Her relationship with the audience is intimate from the moment she enters. She drapes herself full length on the laps of audience members and says to one, “There is money in my left pant pocket. It is for you. Please take it.” She holds out a handful of notes and offers it to an individual. Occasionally someone says no but mostly they politely thank her and take it.

She taunts some people by gripping the money between her toes and dancing away from them until they extricate the note. She asks us, “What is $20?” or $200 or $1,000. People shyly call out, “A pair of shoes,” or “The bike I want,” and even “The amount I owe my daughter,” and “Two grams of cocaine.”

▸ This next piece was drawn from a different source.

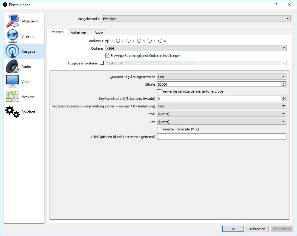- Select in the settings for "Stream" as the platform, "Twitch" and fill in your personal stream key, which you can use to your Twitch Dashboard, under the tab "Stream Key" find.
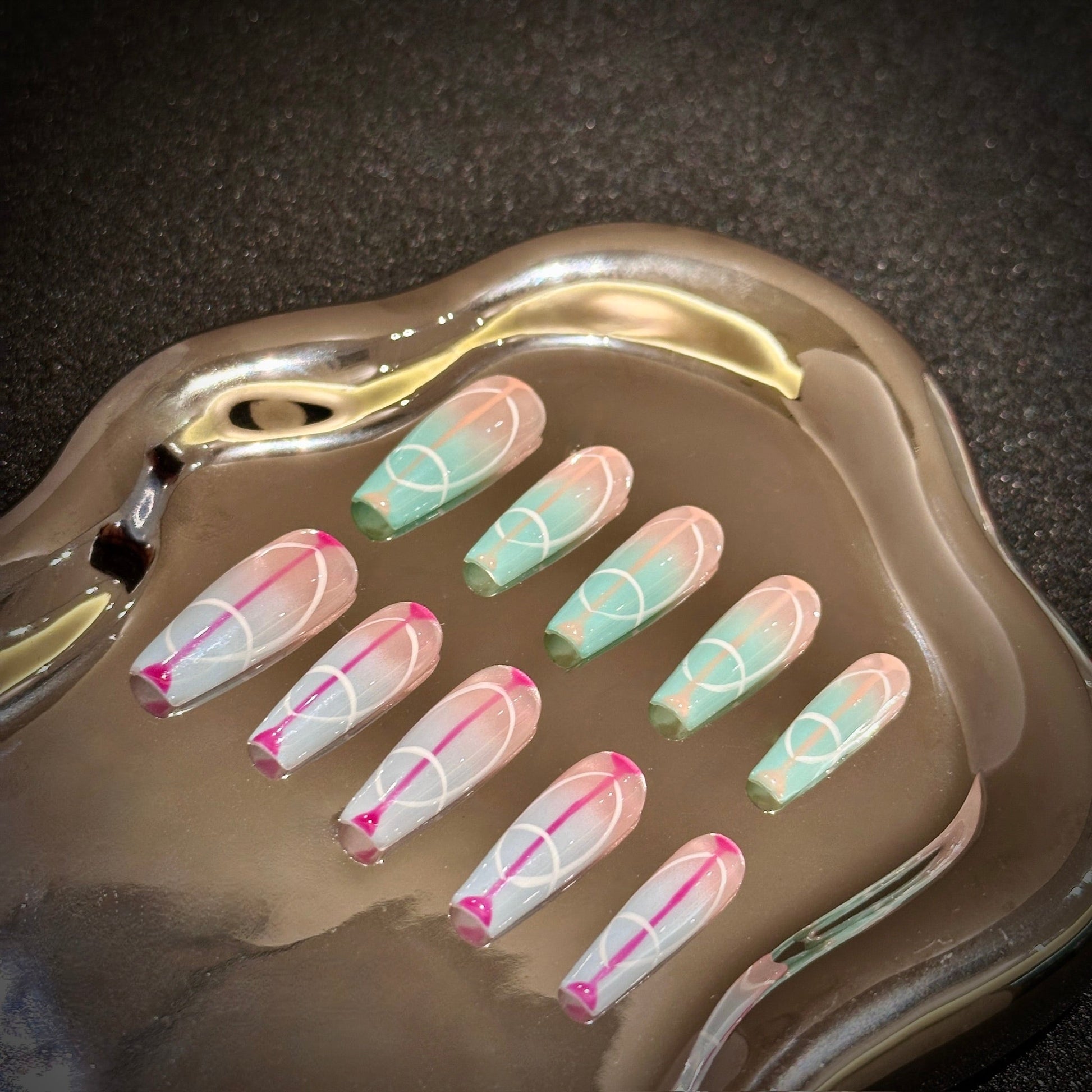 Ethereal Glow nails combine soft pastel gradients with clean white geometric patterns, exuding modern elegance and dreamy vibes. Perfect for those who love a subtle yet striking look, this set transitions seamlessly between casual and chic occasions.

She dances the story of her relationship with money. She replays, in abstract physical form, the conversation she had with her husband that triggered this performance exploration. What would happen, how would she feel if she gave away all her savings? She replaces her feelings and dialogue about money with gibberish vocal sound effects, explosions of emotion and physical reactions.

Juli, with her director and lighting designer Chris Ajemian, have already tested their reactions to giving away cash. We the audience are on an emotional knife-edge as we wait nervously for Juli to confront us, test our limits and out honesty and force us to examine our own relationship to money. Everything we do, see and need costs us hard-earned cash. Will anyone actually keep hers? Will the artist who received her final $3,100 slip it into the handy plastic bank envelope and slide it unobtrusively into the Deposit Box?